Ragueneau: Formiga, que ofendeis cigarras divinais!”.
Tem receitas de “tortazinhas de amêndoas” em versos. Tem cartas de amor:
“Essa carta de amor que eu faço a vida inteira,
E que refaço em mim cem vezes, de maneira
Que, se puser minh’alma ao lado do papel,
Basta-me só tirar-lhe a cópia bem fiel”.
Este drama de cavalaria personifica vários ideais do romantismo. Roxana é a perfeição, bela, inteligente, ardilosa, valente. Além dos protagonistas, também é amada pelo vilão, o conde De Guiche. Exige também o perfeito. Não quer somente a beleza externa de Cristiano. Como a mulher real que inspirou Rostand, quer a beleza das palavras: “(…) Quer frases bem-feitas, versos, paradoxos…”. Quem faz a apresentação do livro afirma que ela fica com “um amor duas vezes perdido”. Cyrano é um herói trágico. Vence só um batalhão de cem homens. Em plena guerra passa a linha do inimigo para entregar cartas de amor, escritas por ele e assinadas por Cristiano, cumprindo promessa à Roxana. É a força do indivíduo que se sobrepõe. O indivíduo que incorpora todos os ideais, menos o da beleza física. Cyrano é a força das palavras. De Guiche é o vilão. Mas a vilania mesmo é o do mundo real imperfeito.

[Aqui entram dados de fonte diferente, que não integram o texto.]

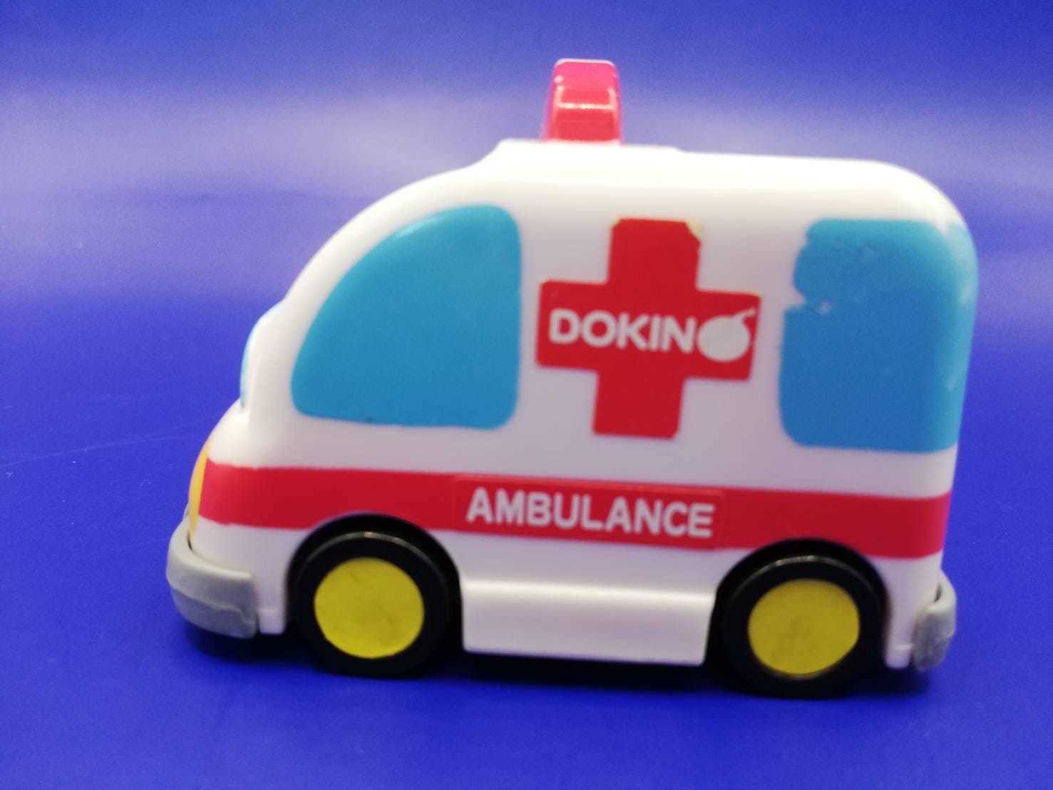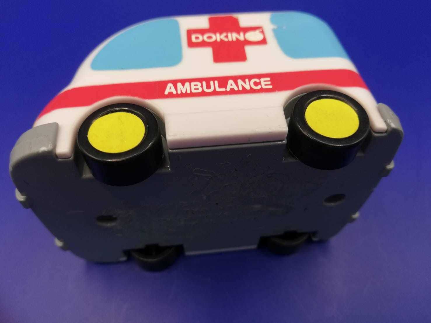 Compact ambulance toy with printed ?DOKIN? + cross logo

“De Guiche: Hoje um poeta é para nós um luxo que vai bem:
– Quereis vós ser o meu?
Cyrano: Não, senhor, de ninguém”.
Ficção e realidade se entrelaçando

Cyrano existiu e escreveu. Nasceu em Paris em 1619. Era espadachim, poeta, escritor. E tinha um nariz “tão extraordinariamente grande que lhe tomava parte considerável do rosto” (apresentação do livro). Edmond Rostand pensava em escrever uma peça sobre esta lendária figura. “Mas a ideia só se tornou clara a partir de um incidente (…). Rostand conheceu um jovem que falou de seu amor não correspondido e lhe pediu conselhos para conquistar a amada indiferente”. O jovem não usava as palavras com maestria. Rostand o ajudou. “(…) imediatamente relacionou a situação com a infeliz história sentimental de Cyrano de Bergerac (…)”.

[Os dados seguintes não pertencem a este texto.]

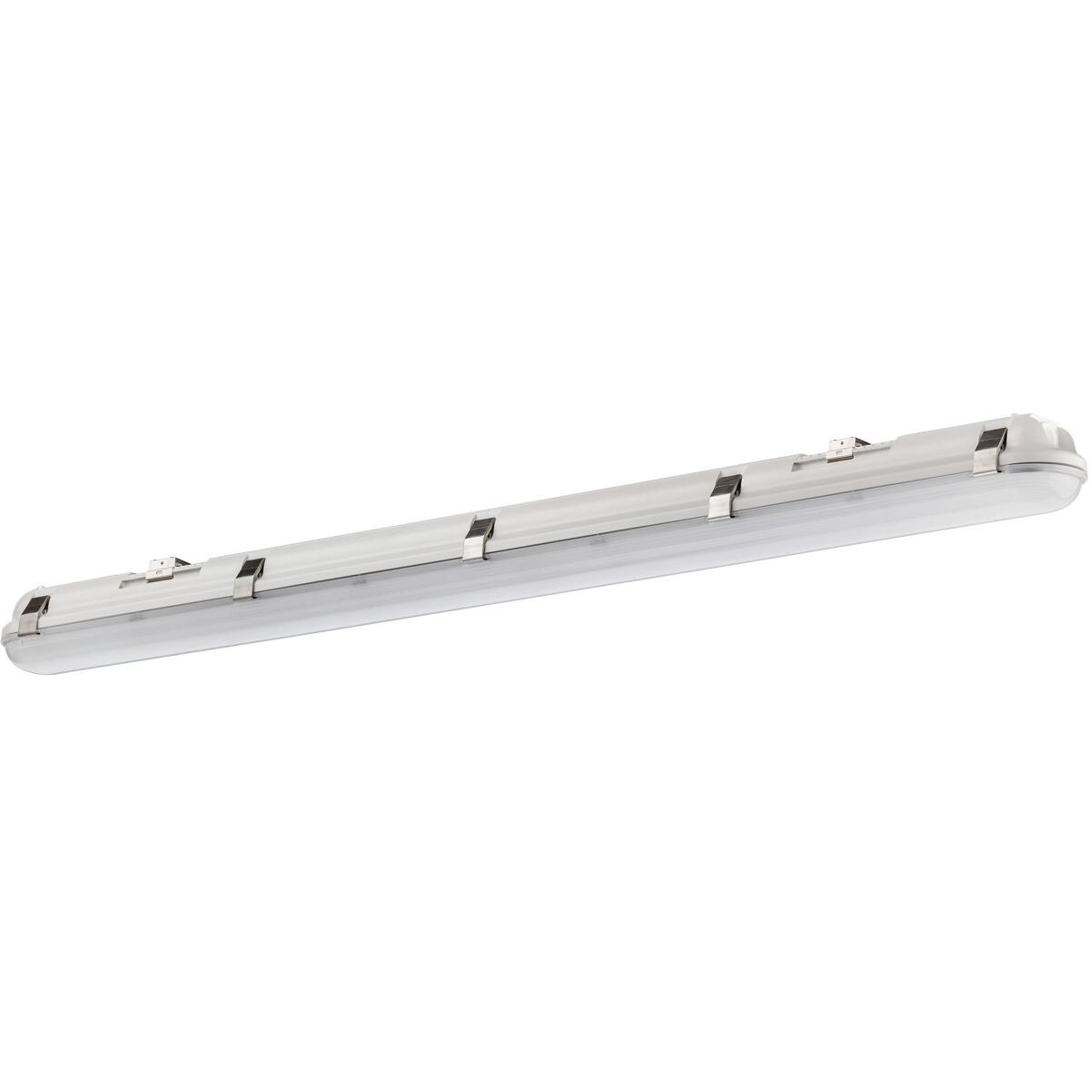Leuchte LUNA BL 1500mm PCO 1x47W 6500lm, SK I, IP65, hoch-effiziente LEDs, breitstrahlend, 4.000K, RA > 80, Ta:-20°C/35°C, Gehäuse aus PC-Polycarbonat und Abdeckung aus PC-OPAL, EAN/GTIN:4018098387121. LED Feuchtraum-Wannenleuchte, BEG-förderfähig, aus weißem Polycarbonat (IK08, schlagfest) mit bewährter Silikonschaumdichtung. LED Träger ist in der Abdeckung integriert. Durchgangsverdrahtung mit optionalem Zubehör möglich. Besonders schneller und komfortabler Montage dank PRACHT-KLAMMERSYSTEM und variablen Befestigungsabständen. Geeignet zur Decken-, waagerechte Wand-, Pendel- und Tragschienenmontage. Optimiert für Parkhäuser, Kellerräume und Werkstätten

Cyrano de Bergerac foi escrito em versos numa época em que isso não era mais recorrente. E os ideais românticos tinham sido ultrapassados, “banidos da arte pelo princípio realista”. Por isso na estreia o clima era de total pessimismo. “Pouco a pouco, a expressão tensa e sarcástica de quem chegou para vaiar e criar confusão desaparece dos olhos dos expectadores. (…). Ao fim do primeiro ato, não pairam mais dúvidas sobre o sucesso. Ao final do quinto, os aplausos explodem num estrondo que há muito tempo não se ouvia (…)”.

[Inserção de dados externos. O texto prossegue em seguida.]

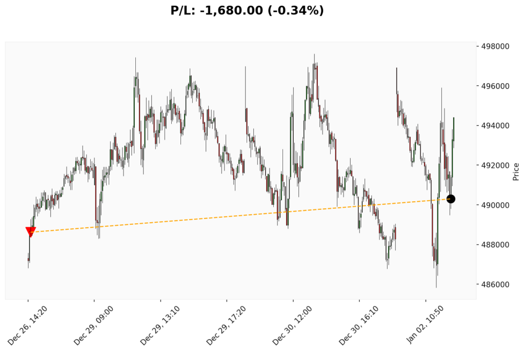 📊 Trade de VENDA em BIT.✔ Entrada: 488620.00 (26/12/2025)✔ Saída: 490300.00 (02/01/2026)💰 P/L: -1680.00 (-0.34%)⏳ Duração do trade: 6 dia(s)

Cyrano estava na boca dos parisienses, “que recitavam as falas pelas ruas, pelos bares, pelos salões”. Numa apresentação, o ator exausto, “esqueceu-se de dizer quatro versos no final de uma fala. Um expectador levantou-se, indignado, e reclamou: ‘o texto, senhor, o texto! ’”. Cyrano de Bergerac saia “das páginas da história, para encarnar, aos olhos de todos, o próprio ideal do povo francês”.
Como diz uma personagem, há “nomes que hão de viver enquanto o mundo exista!”. Cyrano de Bergerac é um deles: “Meu coração é grande, é fácil de encontrar”.